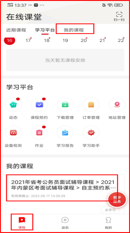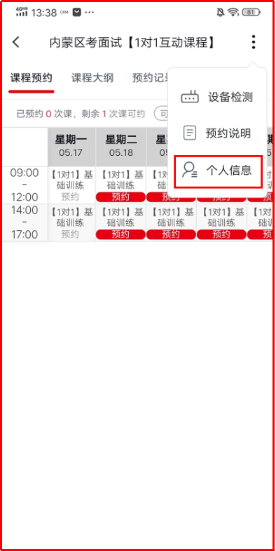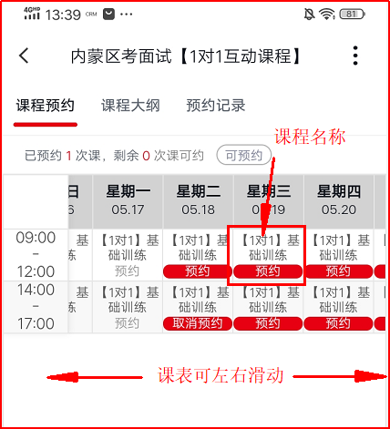 1.點(diǎn)擊“課程預(yù)約”可查看課表,并根據(jù)自己的時(shí)間預(yù)約上課
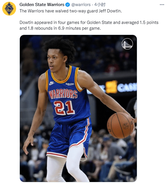 赛前开始前,杰夫-道丁和勇士签下双向合同,夏联为魔术效力,如今25岁的杰夫-道丁已经被裁,本赛季至今,他代表勇士出战4场常规赛,场均上场7分钟可以得到1.5分1.8篮板0.8助攻。
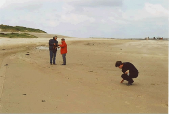 De meeste mensen zoeken gewoon op het strand bij eb. Sommige mensen graven echter kuilen hoger op het strand, en zeven vervolgen het materiaal door een niet al te grove zeef. Zie de Uitrusting pagina voor een handleiding voor het zelf bouwen van een zeef.
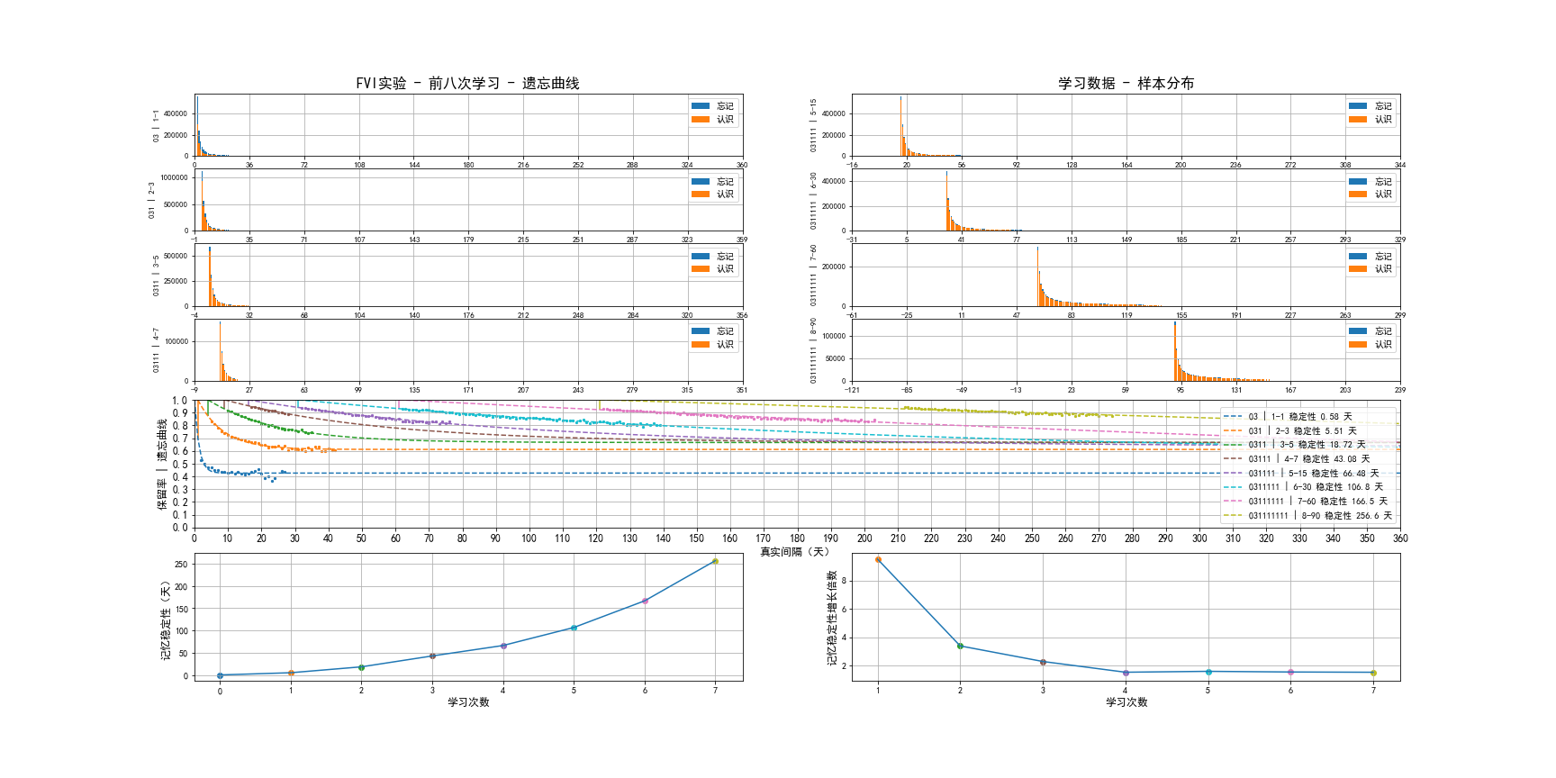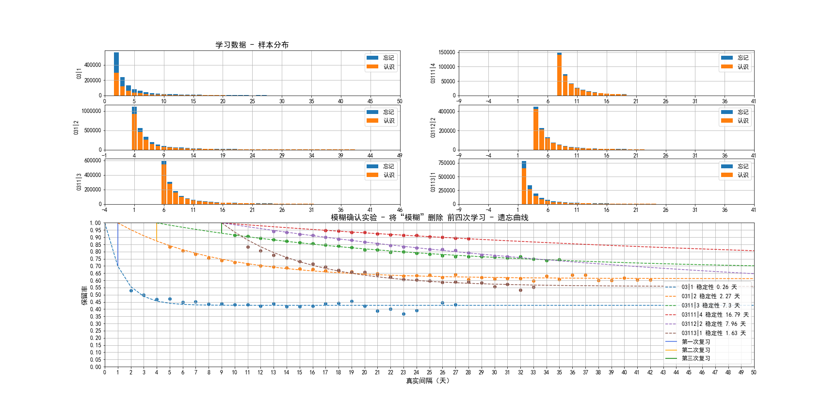 本章抱着“科学严谨、求真求实”的态度出发,使用 MaiMemo 的 FSR 数据验证相关理论的正确性,力求掌握相关算法基本方法,最终复现了遗忘曲线、稳定性增长的现象,印证了部分算法理论。
● ● ● ● ●
- **Work order**
Please copy, exactly and only, the lines of the listing that run from the one holding "De meeste mensen" through its last line, and exclude pictures.

- **Answer space**
 De meeste mensen zoeken gewoon op het strand bij eb. Sommige mensen graven echter kuilen hoger op het strand, en zeven vervolgen het materiaal door een niet al te grove zeef. Zie de Uitrusting pagina voor een handleiding voor het zelf bouwen van een zeef.
 本章抱着“科学严谨、求真求实”的态度出发,使用 MaiMemo 的 FSR 数据验证相关理论的正确性,力求掌握相关算法基本方法,最终复现了遗忘曲线、稳定性增长的现象,印证了部分算法理论。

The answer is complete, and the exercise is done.